Problem requirements: Drop the images; return everything else in the listing below exactly.
- - -
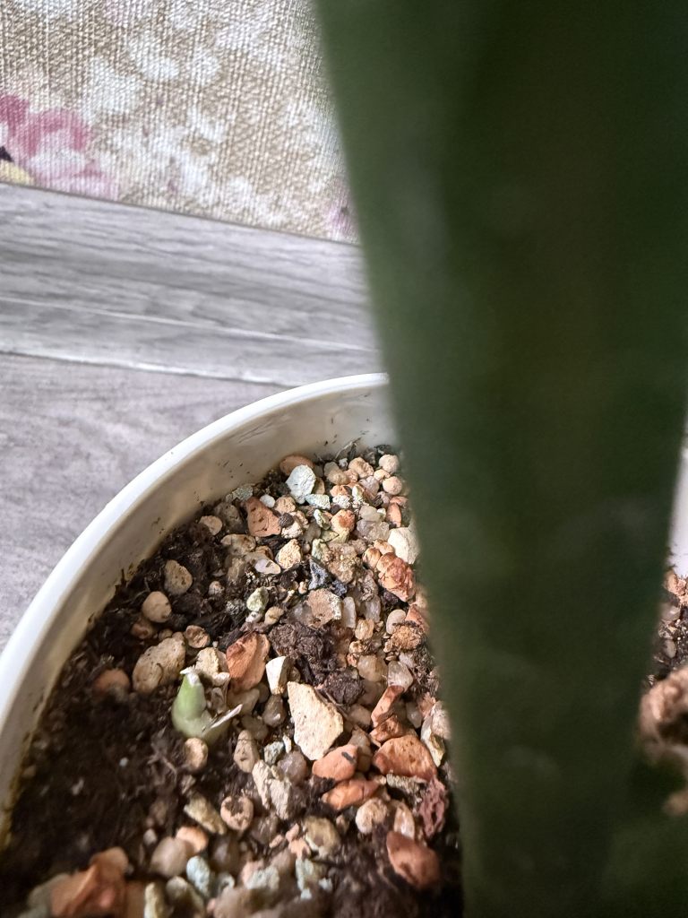 Взрослое растение (50см от почвы) + две детки + еще одна проклевывается.
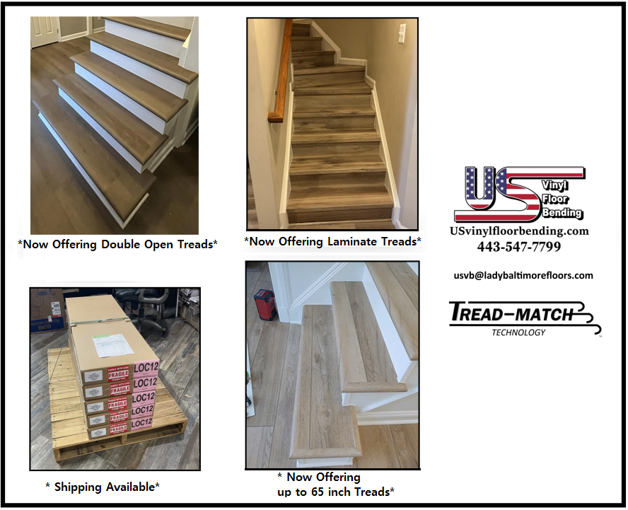 Using our patented Tread-Match technology, we can take any luxury vinyl material, laminate or engineered flooring right out of the box, and make stair treads and nosings. Order our vinyl floor bending products by giving us a call at (443) 547-7799 or emailing usvb@ladybaltimorefloors.com!
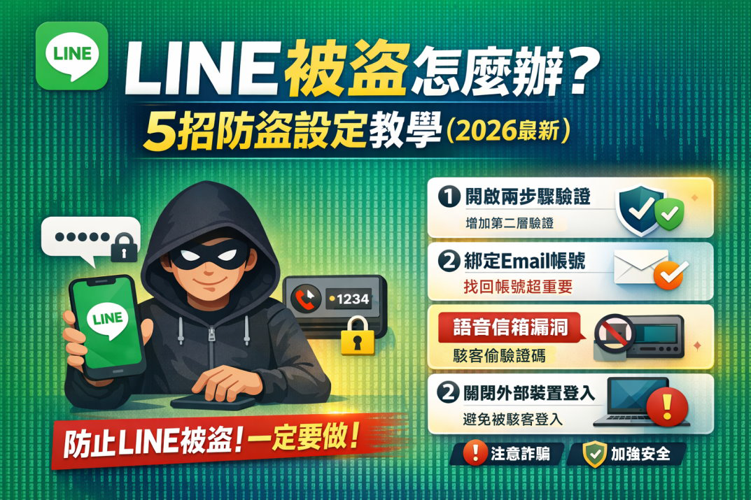 LINE 被盜怎麼辦?其實大多數 LINE 帳號被盜,並不是因為駭客技術多高,而是使用者沒有做好基本安全設定,例如沒有開啟兩步驟驗證、語音信箱仍使用預設密碼,或誤把驗證碼提供給他人。本篇整理 5 招 2026 最新 LINE 防盜設定教學,從基礎設定到最新漏洞一次說明,幫助你有效避免帳號被盜。
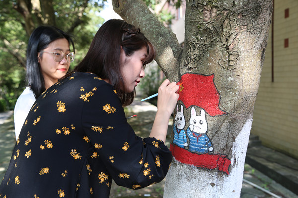 近日,在仰恩大学的校园内,20多棵树上画上了各式各样的爱国主义题材漫画,色彩斑斓,图案各异,十分抢眼,引得师生驻足围观。
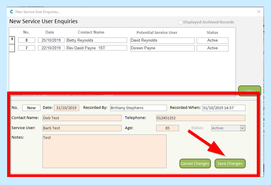 You will then be able to enter information about your new enquiry. When you have entered this information select Save Changes.
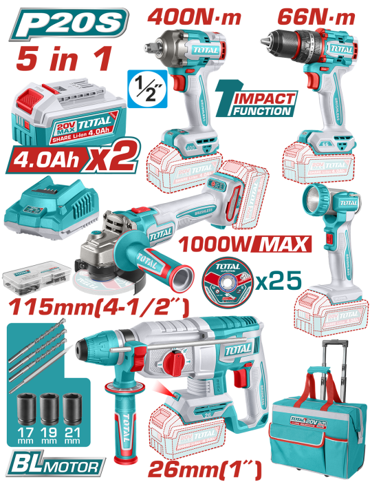 Acest set industrial TOTAL de 20V reuneste cinci unelte esentiale pentru lucrari de constructii, montaj si intretinere. Toate uneltele includ motoare fara perii (brushless), oferind eficienta mai buna, consum redus de energie si durabilitate crescuta. Pachetul este completat cu doua baterii de 4.0Ah, un incarcator si o selectie extinsa de accesorii, astfel incat poate fi folosit imediat.
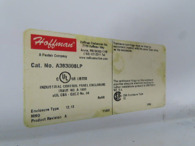 Hoffman A363008LP Wall Mount Electrical Enclosure 36x30x8" w/Backplate Type 12
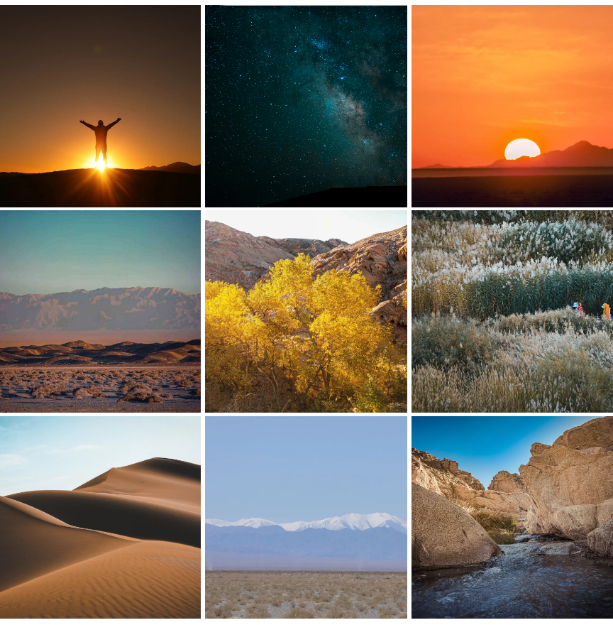 浩瀚的戈壁沙漠延伸至天际线,夜晚的璀璨星河似触手可及,黎明有染红地平线的壮丽日出,风吹过芦苇荡起伏如浪......每一步皆是风景,每一眼皆受震撼。
- - -
Exercise response:
 Взрослое растение (50см от почвы) + две детки + еще одна проклевывается.
 Using our patented Tread-Match technology, we can take any luxury vinyl material, laminate or engineered flooring right out of the box, and make stair treads and nosings. Order our vinyl floor bending products by giving us a call at (443) 547-7799 or emailing usvb@ladybaltimorefloors.com!
 LINE 被盜怎麼辦?其實大多數 LINE 帳號被盜,並不是因為駭客技術多高,而是使用者沒有做好基本安全設定,例如沒有開啟兩步驟驗證、語音信箱仍使用預設密碼,或誤把驗證碼提供給他人。本篇整理 5 招 2026 最新 LINE 防盜設定教學,從基礎設定到最新漏洞一次說明,幫助你有效避免帳號被盜。
 近日,在仰恩大学的校园内,20多棵树上画上了各式各样的爱国主义题材漫画,色彩斑斓,图案各异,十分抢眼,引得师生驻足围观。
 You will then be able to enter information about your new enquiry. When you have entered this information select Save Changes.
 Acest set industrial TOTAL de 20V reuneste cinci unelte esentiale pentru lucrari de constructii, montaj si intretinere. Toate uneltele includ motoare fara perii (brushless), oferind eficienta mai buna, consum redus de energie si durabilitate crescuta. Pachetul este completat cu doua baterii de 4.0Ah, un incarcator si o selectie extinsa de accesorii, astfel incat poate fi folosit imediat.
 Hoffman A363008LP Wall Mount Electrical Enclosure 36x30x8" w/Backplate Type 12
 浩瀚的戈壁沙漠延伸至天际线,夜晚的璀璨星河似触手可及,黎明有染红地平线的壮丽日出,风吹过芦苇荡起伏如浪......每一步皆是风景,每一眼皆受震撼。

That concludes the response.